BEGIN Data for this exercise

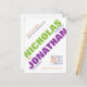A colourful modern typography "Save the date" postcard, inspired by the beauty and simplicity of grids and asymmetrical layouts from Swiss Style, perfect for any gay marriage or civil union celebration.
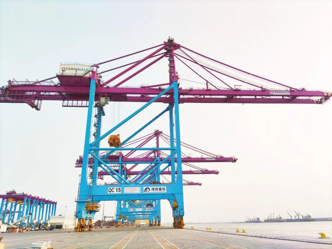在卡塔爾哈馬德新港,武漢船機(jī)海西重機(jī)外貿(mào)出口的高標(biāo)準(zhǔn)岸橋正在用戶碼頭整體滾裝上岸。隨著最后一臺輪胎吊開上碼頭,歷時(shí)5天4夜的卡塔爾哈馬德新港二期4臺岸橋、10臺輪胎吊卸船工作全部結(jié)束,比原計(jì)劃七天卸船時(shí)間提前兩天完成。面臨艱巨任務(wù),海西重機(jī)公司派往卡塔爾現(xiàn)場的黨員攻關(guān)團(tuán)隊(duì)提前熟悉,推演卸船方案,并及時(shí)與業(yè)主溝通協(xié)調(diào)卸船事項(xiàng)。團(tuán)隊(duì)的12名成員分工明確,各司其職。14臺設(shè)備順利完成卸船,是現(xiàn)場團(tuán)隊(duì)每名成員團(tuán)結(jié)協(xié)作和辛勤付出的結(jié)果。
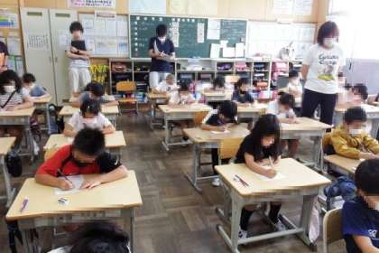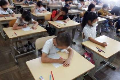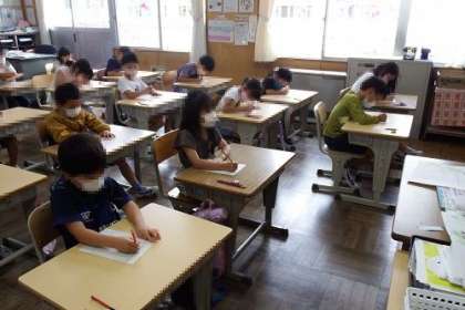 資料「わりこみ」を使い、道徳の授業を行いました。公園にある大きなすべり台は人気で行列ができています。そこにわりこむ友達。このことをきっかけに、よいことと悪いことの区別をし、よいと思うことを進んで行うことを話し合いました。
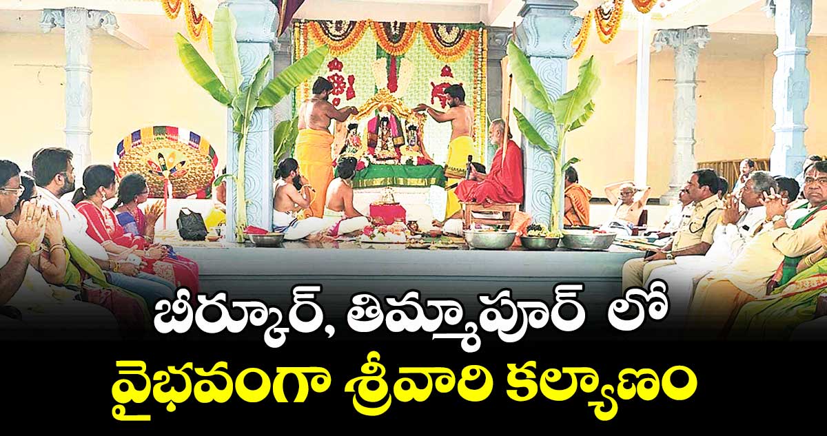 బీర్కూర్, వెలుగు : మండలంలోని బీర్కూర్, తిమ్మాపూర్ గ్రామాల శివారులోని తెలంగాణ తిరుమల ఆలయంలో గురువారం శ్రీదేవి, భూదేవి సమేత వేంకటేశ్వర స్వామి కల్యాణం వైభవంగా జరిగింది. దేవనాధ రామానుజ జీయర్ స్వామి ఆధ్వర్యంలో జరిగిన ఉత్సవాల్లో ఎమ్మెల్యే పోచారం శ్రీనివాస్ రెడ్డి, పుష్ప దంపతులు, కుటుంబీకులు పాల్గొన్నారు. అనంతరం మాడవీధుల్లో హనుమ వాహనంపై స్వామివారిని ఊరేగించారు.
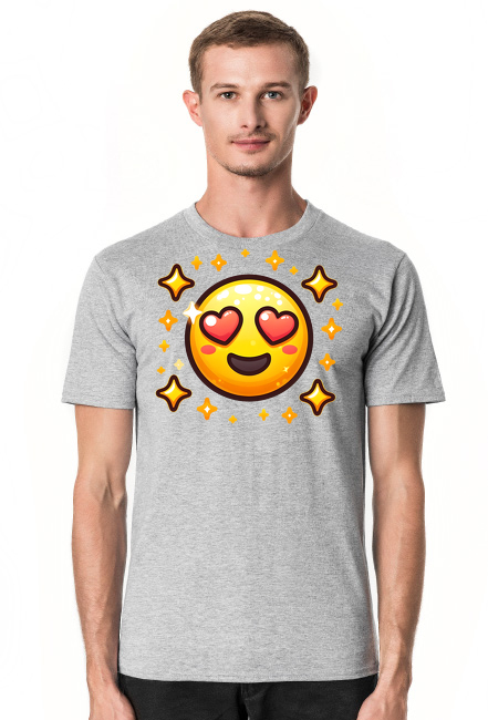 Wprowadź do swojej szafy koszulkę pełną pozytywnej energii! Grafika przedstawia żółtego emoji z oczami w kształcie serc, otoczonego delikatnymi, połyskującymi gwiazdkami, które dodają całości magii i uroku. Ten projekt emanuje radością, miłością i lekkim, figlarnym charakterem. Koszulka idealna na co dzień, spotkania z przyjaciółmi czy jako wyjątkowy prezent dla osoby, która wnosi radość do Twojego życia.
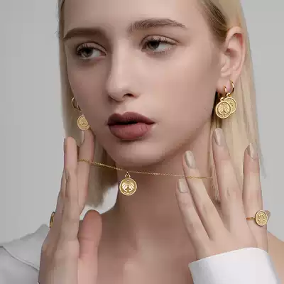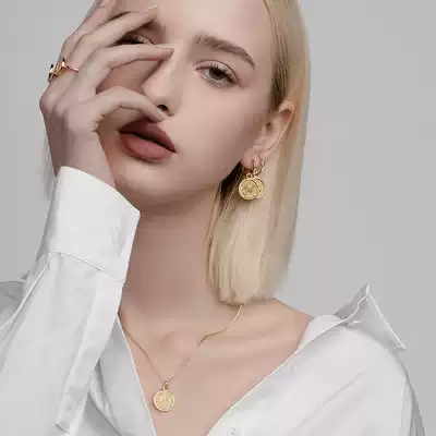 HEFANG He Fang jewelry Constellation gold coin earrings Liu Yuxin with 925 sterling silver women temperament earrings ear needle

END Data for this exercise

- _How to complete this task_: From the first line to the last, repeat the listing exactly and skip its images.

- _Exercise output_:
A colourful modern typography "Save the date" postcard, inspired by the beauty and simplicity of grids and asymmetrical layouts from Swiss Style, perfect for any gay marriage or civil union celebration.
在卡塔爾哈馬德新港,武漢船機(jī)海西重機(jī)外貿(mào)出口的高標(biāo)準(zhǔn)岸橋正在用戶碼頭整體滾裝上岸。隨著最后一臺輪胎吊開上碼頭,歷時(shí)5天4夜的卡塔爾哈馬德新港二期4臺岸橋、10臺輪胎吊卸船工作全部結(jié)束,比原計(jì)劃七天卸船時(shí)間提前兩天完成。面臨艱巨任務(wù),海西重機(jī)公司派往卡塔爾現(xiàn)場的黨員攻關(guān)團(tuán)隊(duì)提前熟悉,推演卸船方案,并及時(shí)與業(yè)主溝通協(xié)調(diào)卸船事項(xiàng)。團(tuán)隊(duì)的12名成員分工明確,各司其職。14臺設(shè)備順利完成卸船,是現(xiàn)場團(tuán)隊(duì)每名成員團(tuán)結(jié)協(xié)作和辛勤付出的結(jié)果。
 資料「わりこみ」を使い、道徳の授業を行いました。公園にある大きなすべり台は人気で行列ができています。そこにわりこむ友達。このことをきっかけに、よいことと悪いことの区別をし、よいと思うことを進んで行うことを話し合いました。
 బీర్కూర్, వెలుగు : మండలంలోని బీర్కూర్, తిమ్మాపూర్ గ్రామాల శివారులోని తెలంగాణ తిరుమల ఆలయంలో గురువారం శ్రీదేవి, భూదేవి సమేత వేంకటేశ్వర స్వామి కల్యాణం వైభవంగా జరిగింది. దేవనాధ రామానుజ జీయర్ స్వామి ఆధ్వర్యంలో జరిగిన ఉత్సవాల్లో ఎమ్మెల్యే పోచారం శ్రీనివాస్ రెడ్డి, పుష్ప దంపతులు, కుటుంబీకులు పాల్గొన్నారు. అనంతరం మాడవీధుల్లో హనుమ వాహనంపై స్వామివారిని ఊరేగించారు.
 Wprowadź do swojej szafy koszulkę pełną pozytywnej energii! Grafika przedstawia żółtego emoji z oczami w kształcie serc, otoczonego delikatnymi, połyskującymi gwiazdkami, które dodają całości magii i uroku. Ten projekt emanuje radością, miłością i lekkim, figlarnym charakterem. Koszulka idealna na co dzień, spotkania z przyjaciółmi czy jako wyjątkowy prezent dla osoby, która wnosi radość do Twojego życia.
 HEFANG He Fang jewelry Constellation gold coin earrings Liu Yuxin with 925 sterling silver women temperament earrings ear needle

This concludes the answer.